- Task item -
Apart from the pictures, print the data below exactly as given.

- Data excerpt -
..............................

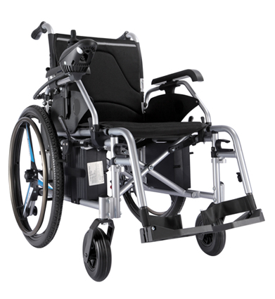 主體車架采用加厚鋁合金材質,進口大功率渦輪蝸桿電機動力強勁,扶手可后翻并可根據使用者的要求調節(jié)高矮,后輪24寸免充氣PU輪胎,減震效果好,可拆卸的腿部支架折疊后體積更為小巧,雙層透氣靠背坐墊精美舒適,大容量鋰電池讓您出行無憂。
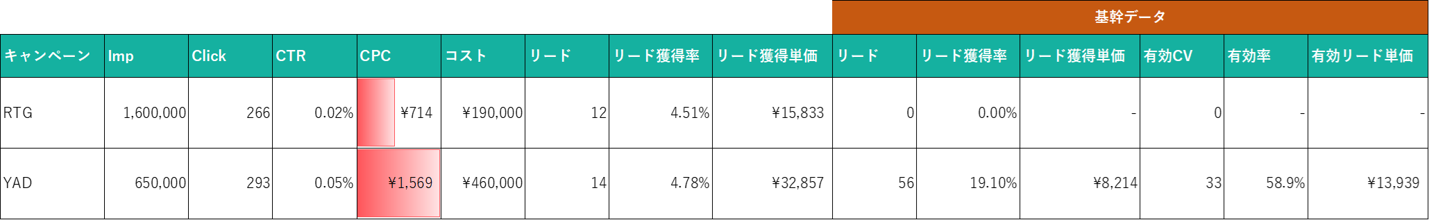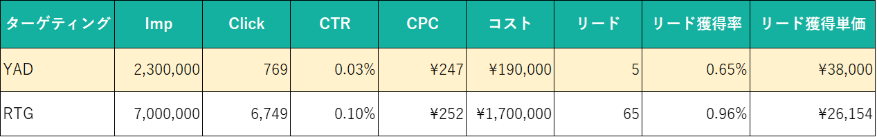 これは、YADのターゲティングが有効リードの条件に近いターゲティング(従業員規模や職種など)で、配信ユーザを絞り込むことができた、と考えられます。
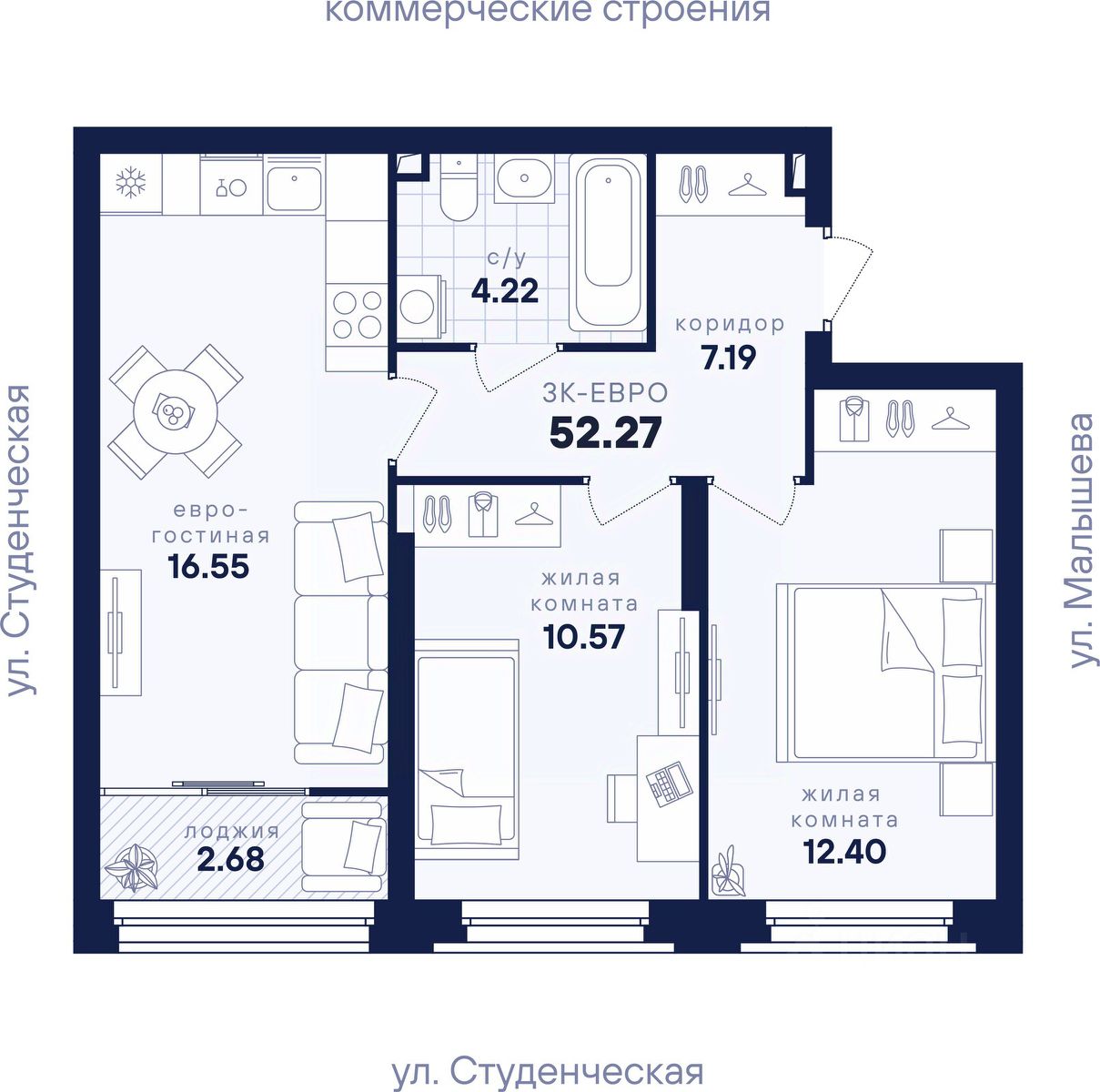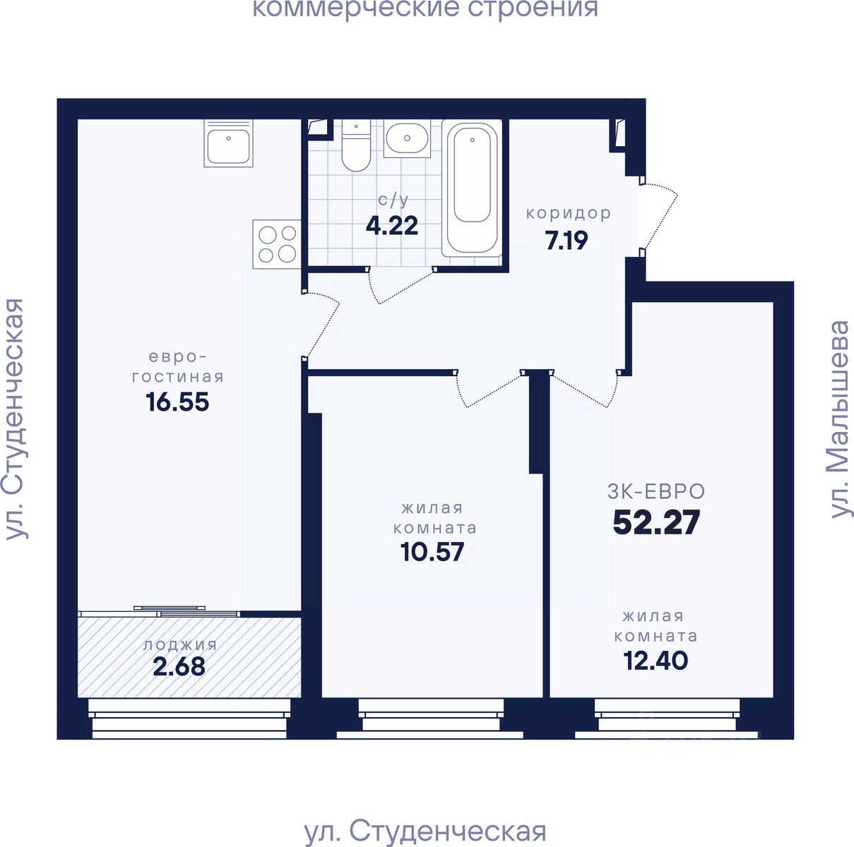 Общая площадь52,27 м²

..............................

- Task answer -
 主體車架采用加厚鋁合金材質,進口大功率渦輪蝸桿電機動力強勁,扶手可后翻并可根據使用者的要求調節(jié)高矮,后輪24寸免充氣PU輪胎,減震效果好,可拆卸的腿部支架折疊后體積更為小巧,雙層透氣靠背坐墊精美舒適,大容量鋰電池讓您出行無憂。
 これは、YADのターゲティングが有効リードの条件に近いターゲティング(従業員規模や職種など)で、配信ユーザを絞り込むことができた、と考えられます。
 Общая площадь52,27 м²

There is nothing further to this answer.